EXERCISE GOAL: Word for word, restate the listing that follows and leave out the images.

RECORDED INFORMATION:
────────────────

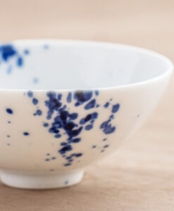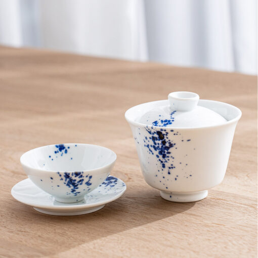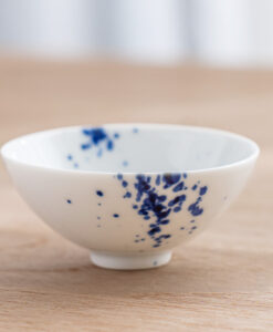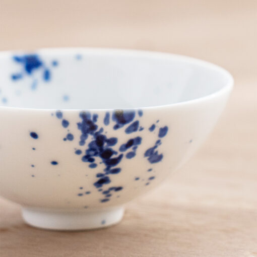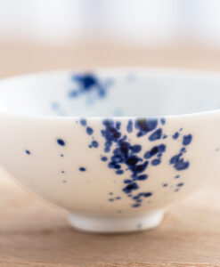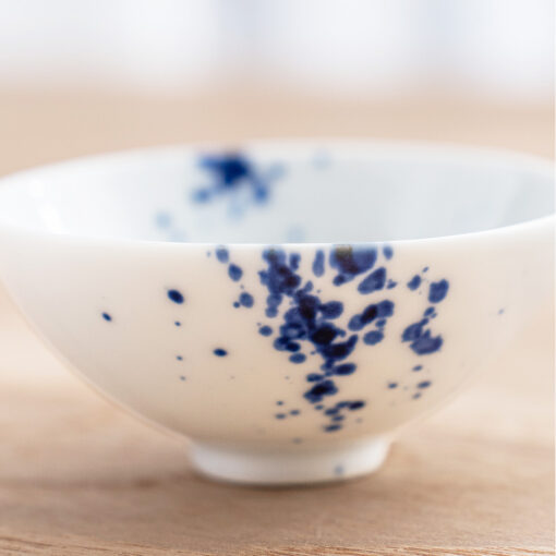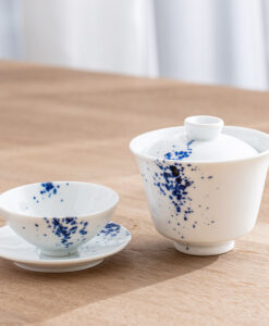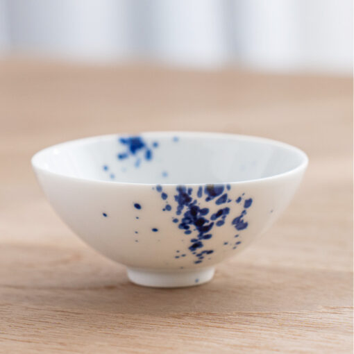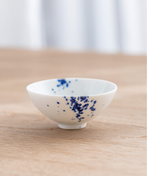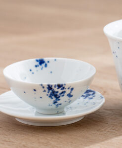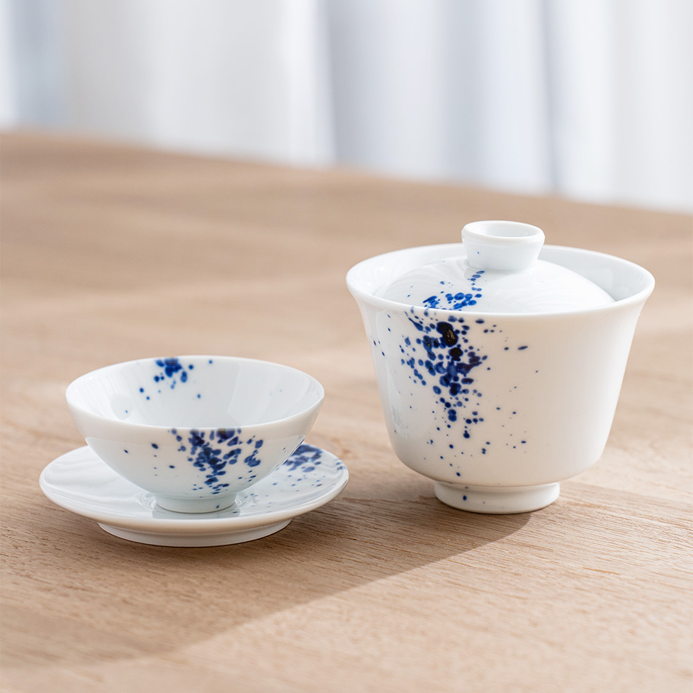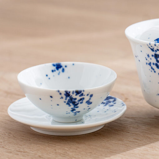 創意而具風雅的吹墨圖紋,在明亮細緻的白瓷上特別有型。壺身一角有著錯落不一的吹墨紋,是李莊窯出品沈穩優雅風格的經典茶具之一。圓潤敞口的設計,不僅方便品飲,也展現出雅緻的美感,令人愛不釋手。
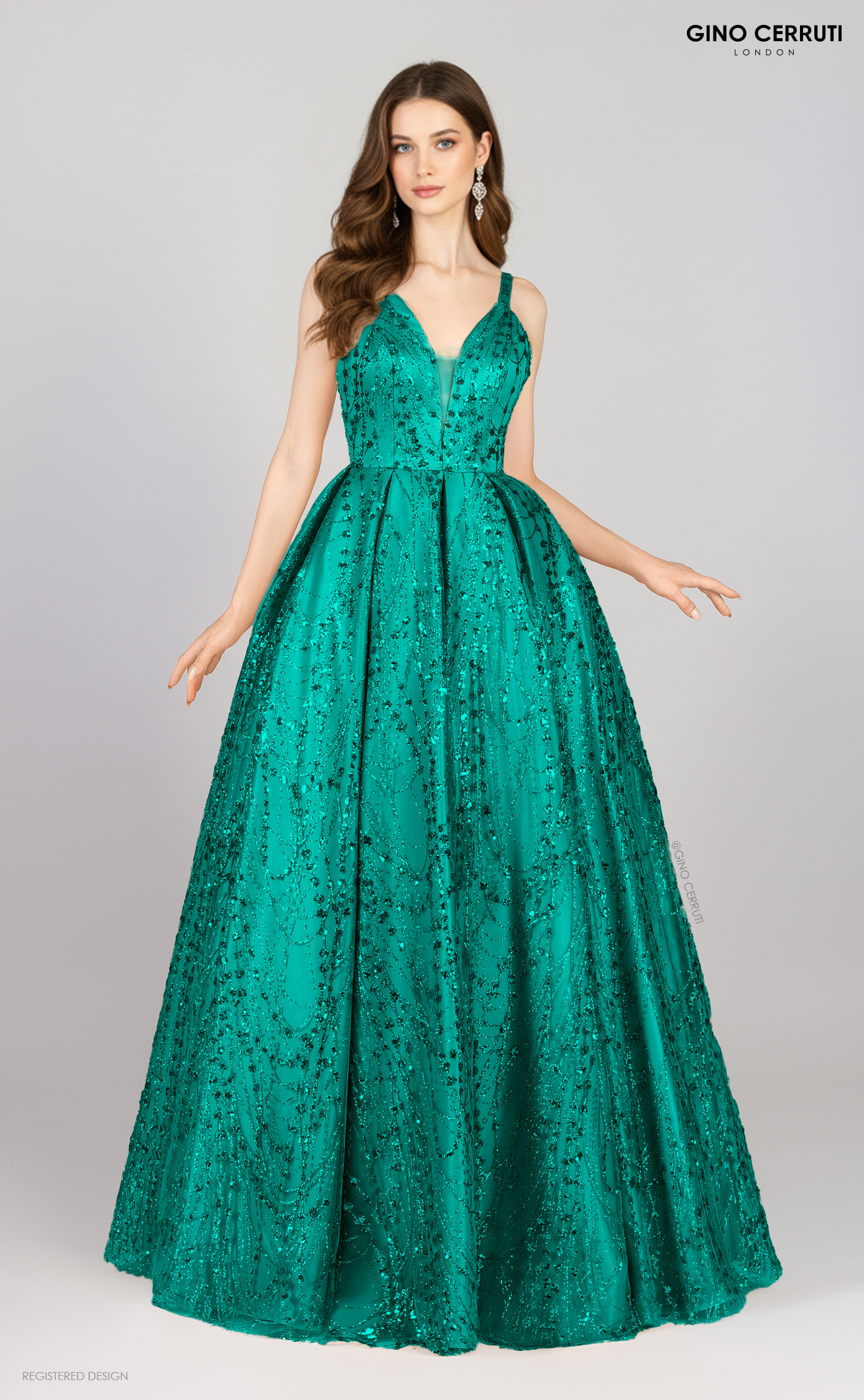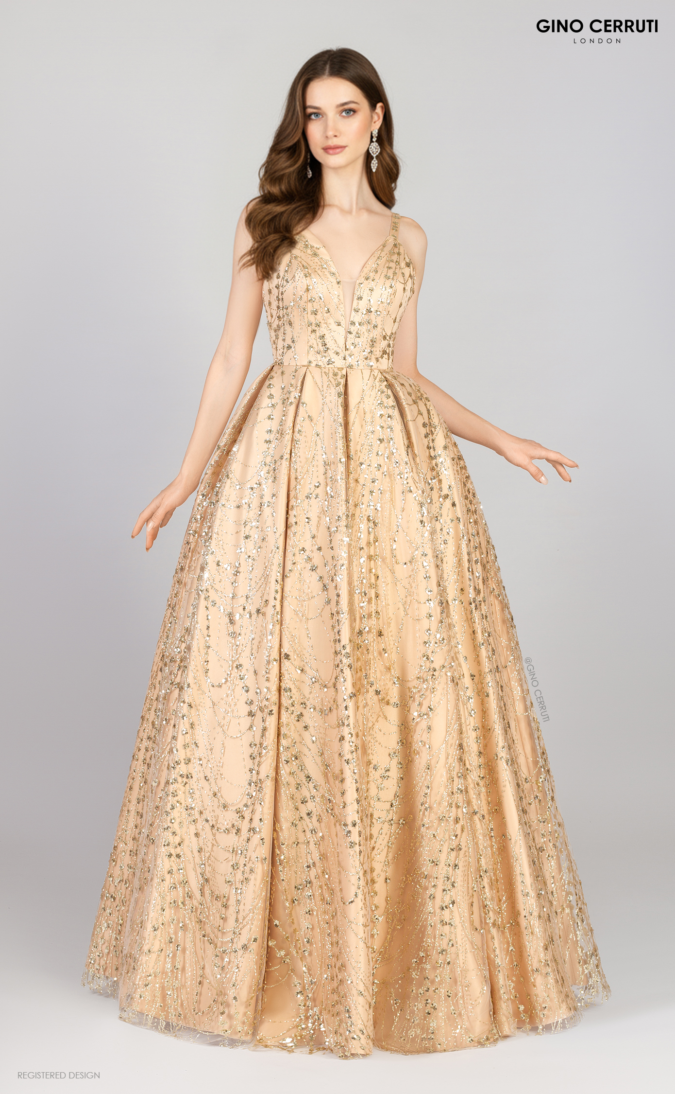 This gorgeous ball gown dress will capture your heart at first sight! Featuring a sparkling bodice and skirt, an open V-neck décolleté, and a V-shaped back, this dress exudes femininity and makes a bold statement for any special occasion. * V neck with mesh panel * Glitter and beading details * Matching beaded straps * A-line skirt with box pleats
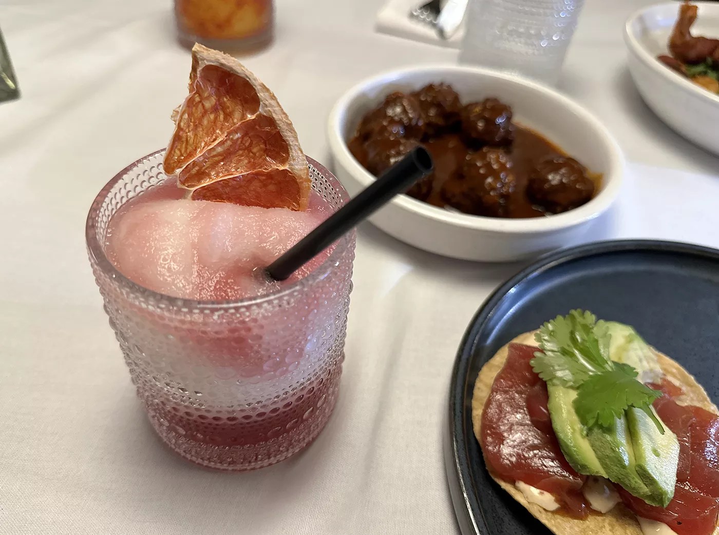 Casa Alma’s bar program is cocktail-heavy, specifically margaritas, with a selection of wines and beers as well. Beverages average $12 to $14, with the standout El Jefe margarita priced at $24. It features El Arenal, Jalisco’s Tequila Cascahuín Blanco Tahona. The spirit is crafted with a tahona, a traditional volcanic stone mill wheel. We opted for a fruity mangonada ($14), a mango margarita served with a tamarind candy straw, and the Uber ($14), a sangria swirl margarita.

────────────────

OUTPUT BELOW:
 創意而具風雅的吹墨圖紋,在明亮細緻的白瓷上特別有型。壺身一角有著錯落不一的吹墨紋,是李莊窯出品沈穩優雅風格的經典茶具之一。圓潤敞口的設計,不僅方便品飲,也展現出雅緻的美感,令人愛不釋手。
 This gorgeous ball gown dress will capture your heart at first sight! Featuring a sparkling bodice and skirt, an open V-neck décolleté, and a V-shaped back, this dress exudes femininity and makes a bold statement for any special occasion. * V neck with mesh panel * Glitter and beading details * Matching beaded straps * A-line skirt with box pleats
 Casa Alma’s bar program is cocktail-heavy, specifically margaritas, with a selection of wines and beers as well. Beverages average $12 to $14, with the standout El Jefe margarita priced at $24. It features El Arenal, Jalisco’s Tequila Cascahuín Blanco Tahona. The spirit is crafted with a tahona, a traditional volcanic stone mill wheel. We opted for a fruity mangonada ($14), a mango margarita served with a tamarind candy straw, and the Uber ($14), a sangria swirl margarita.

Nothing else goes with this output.